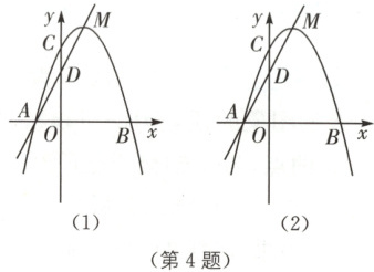 4. 如图,抛物线$ y = -x^2 + bx + c $经过$ A(-1,0) $,$ C(0,3) $两点,并交$ x $轴于另一点$ B $,$ M $是抛物线的顶点,直线$ AM $与$ y $轴交于点$ D $.
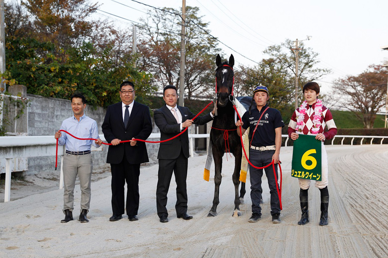 勝ったジュエルクイーンの阪野騎手は、「(広くて直線が長い)門別の馬場なら、自分のポジションを守って、直線いいところを見つけて抜け出すという感じですが、ズブいしコーナーで動いてくれないので、向正面から動いて4コーナー先頭というつもりで乗りました」という。昨年まで名古屋に所属していた阪野騎手は、当然笠松コースの経験もあり、その小回りでの経験がなければ勝てなかったかもしれないと、断然人気にこたえられたことにはホッとした様子だった。
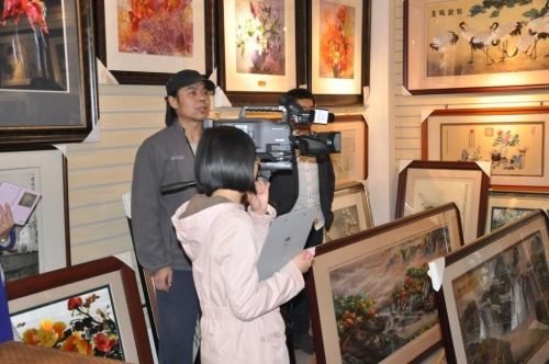 在嬌古蘇繡作品展示廳,央視欄目組一行參觀并拍攝的蘇繡雙面繡經(jīng)典作品,面對(duì)栩栩如生的動(dòng)物、花草樹木和人物肖像雙面繡,欄目組一行贊不絕口,并聽取了嬌古蘇繡工藝美術(shù)師瞿紅芬、陳華芬關(guān)于制作工藝的介紹。在介紹中,兩位工藝師還現(xiàn)場(chǎng)演示了雙面繡針法,當(dāng)?shù)弥p面繡針法居然多達(dá)50余種,花線精確到1/16的“一絲”時(shí),欄目組成員均感到十分驚訝,并對(duì)工藝師巧奪天工的技藝贊不絕口。
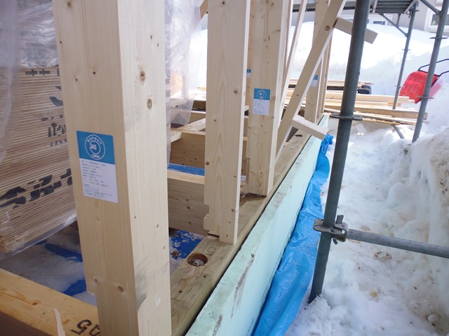 【右】 2014.02.25 2階床面:下地合板(ネダレス合板)が雪で濡れないように養生する
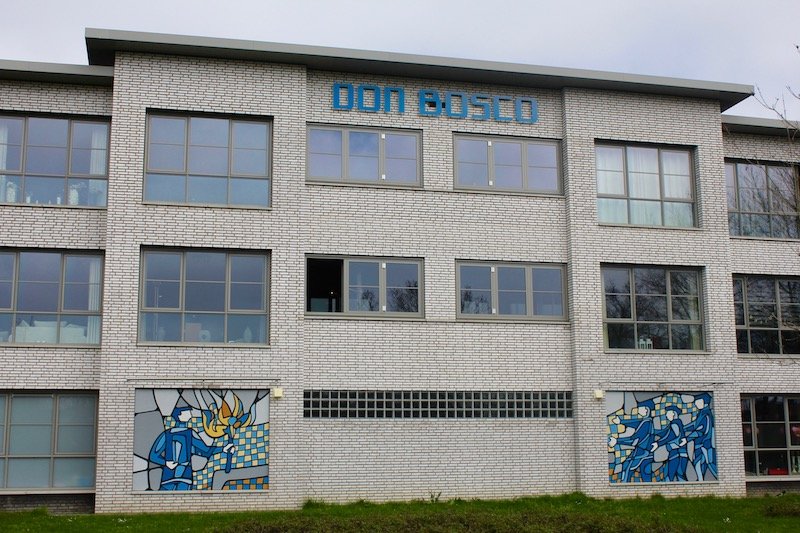 Deze muurschildering uit 2013-2014 van Mario Pasetto (1975) en Stijn de Wilde (1976) refereert aan het gevelmozaïek dat zich op deze plek ooit boven de hoofdingang van de technische school Don Bosco bevond. De schildering toont Don Bosco, een Italiaanse priester met een groot hart voor jongeren, die de fakkel van kennis en verantwoordelijkheid overdraagt aan de jeugd. Lees verder
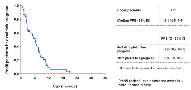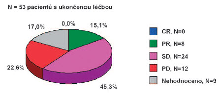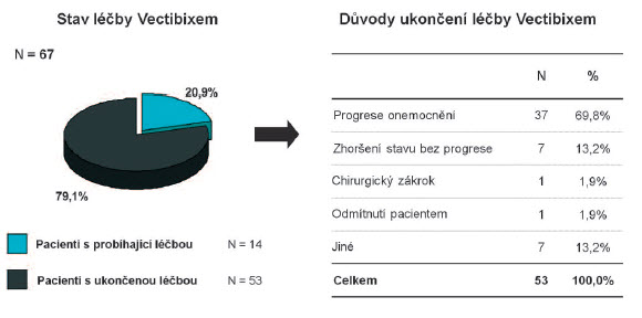 Medián trvání léčby panitumumabem byl 4.2 měsíce (0.2-20.3 měs.) Žádný z léčených nedosáhl kompletní remise, u 15,1% bylo dosaženo parciální remise a u 45,3% stabilizace onemocnění (podrobně viz obr. č.3)
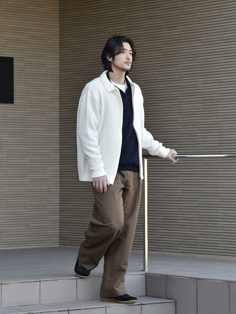 アイボリーのジップアップニットとテーパードパンツのコーデ
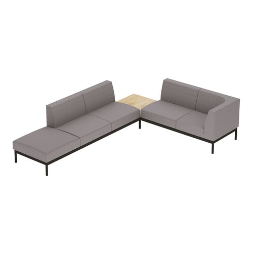 オフィスラウンジに欠かせない、シャープさと風合いを兼ね備えたソファー。くつろいでも姿勢は崩さない。ソロワークに最適な角度設計。ソファーミーティングやリフレッシュエリアに最適なL字型セットです。 |
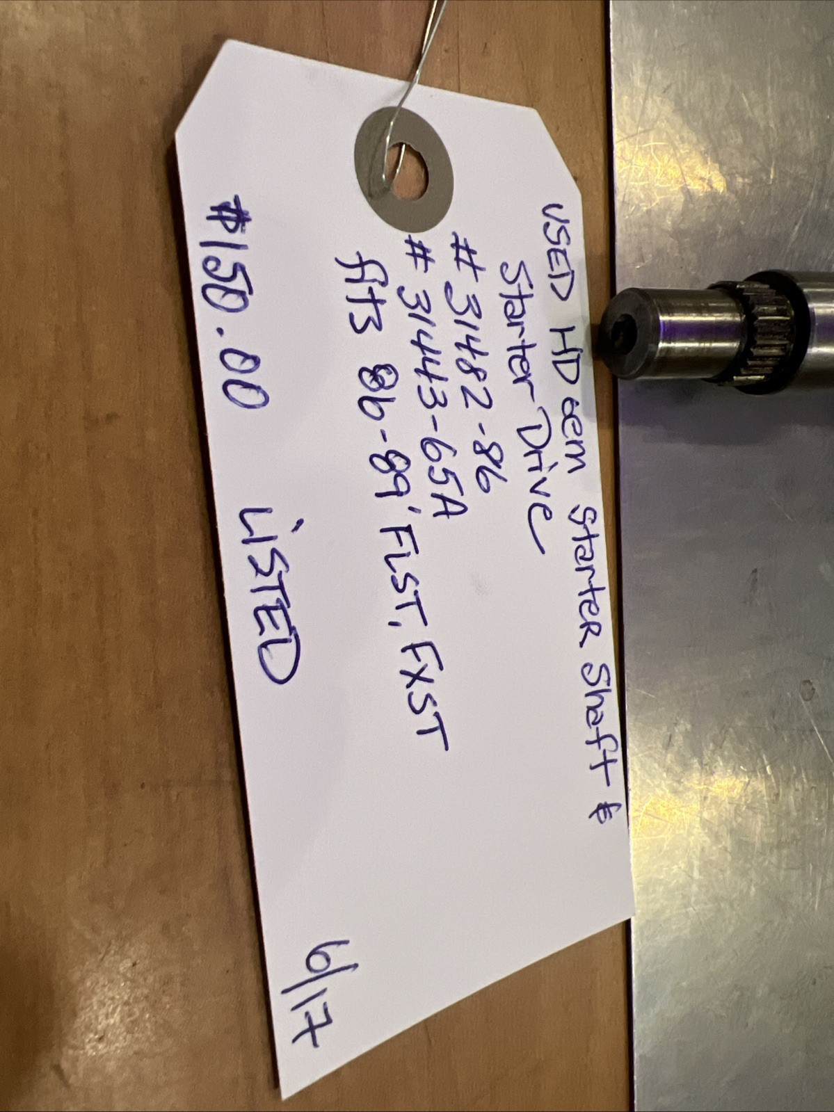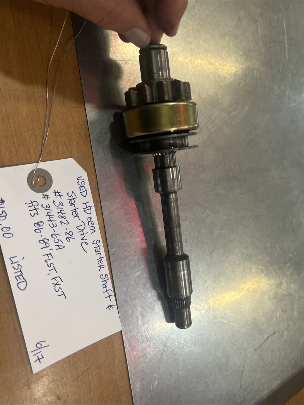 Harley Davidson oem Starter Shaft & Starter Drive #31482-86/31443-65A. Condition is used. Fits 86-89’ FLST, FXST models buyer is responsible for fitment and applications
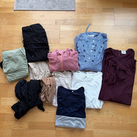 Klærne er pent brukt, men ligget pakket ned en stund. Trenger en stryk 😊
□ □ □ □ □
• Work item
Output all entries unchanged; skip the pictures.

• Response
 4. 如图,抛物线$ y = -x^2 + bx + c $经过$ A(-1,0) $,$ C(0,3) $两点,并交$ x $轴于另一点$ B $,$ M $是抛物线的顶点,直线$ AM $与$ y $轴交于点$ D $.
 勝ったジュエルクイーンの阪野騎手は、「(広くて直線が長い)門別の馬場なら、自分のポジションを守って、直線いいところを見つけて抜け出すという感じですが、ズブいしコーナーで動いてくれないので、向正面から動いて4コーナー先頭というつもりで乗りました」という。昨年まで名古屋に所属していた阪野騎手は、当然笠松コースの経験もあり、その小回りでの経験がなければ勝てなかったかもしれないと、断然人気にこたえられたことにはホッとした様子だった。
 在嬌古蘇繡作品展示廳,央視欄目組一行參觀并拍攝的蘇繡雙面繡經(jīng)典作品,面對(duì)栩栩如生的動(dòng)物、花草樹木和人物肖像雙面繡,欄目組一行贊不絕口,并聽取了嬌古蘇繡工藝美術(shù)師瞿紅芬、陳華芬關(guān)于制作工藝的介紹。在介紹中,兩位工藝師還現(xiàn)場(chǎng)演示了雙面繡針法,當(dāng)?shù)弥p面繡針法居然多達(dá)50余種,花線精確到1/16的“一絲”時(shí),欄目組成員均感到十分驚訝,并對(duì)工藝師巧奪天工的技藝贊不絕口。
 【右】 2014.02.25 2階床面:下地合板(ネダレス合板)が雪で濡れないように養生する
 Deze muurschildering uit 2013-2014 van Mario Pasetto (1975) en Stijn de Wilde (1976) refereert aan het gevelmozaïek dat zich op deze plek ooit boven de hoofdingang van de technische school Don Bosco bevond. De schildering toont Don Bosco, een Italiaanse priester met een groot hart voor jongeren, die de fakkel van kennis en verantwoordelijkheid overdraagt aan de jeugd. Lees verder
 Medián trvání léčby panitumumabem byl 4.2 měsíce (0.2-20.3 měs.) Žádný z léčených nedosáhl kompletní remise, u 15,1% bylo dosaženo parciální remise a u 45,3% stabilizace onemocnění (podrobně viz obr. č.3)
 アイボリーのジップアップニットとテーパードパンツのコーデ
 オフィスラウンジに欠かせない、シャープさと風合いを兼ね備えたソファー。くつろいでも姿勢は崩さない。ソロワークに最適な角度設計。ソファーミーティングやリフレッシュエリアに最適なL字型セットです。 |
 Harley Davidson oem Starter Shaft & Starter Drive #31482-86/31443-65A. Condition is used. Fits 86-89’ FLST, FXST models buyer is responsible for fitment and applications
 Klærne er pent brukt, men ligget pakket ned en stund. Trenger en stryk 😊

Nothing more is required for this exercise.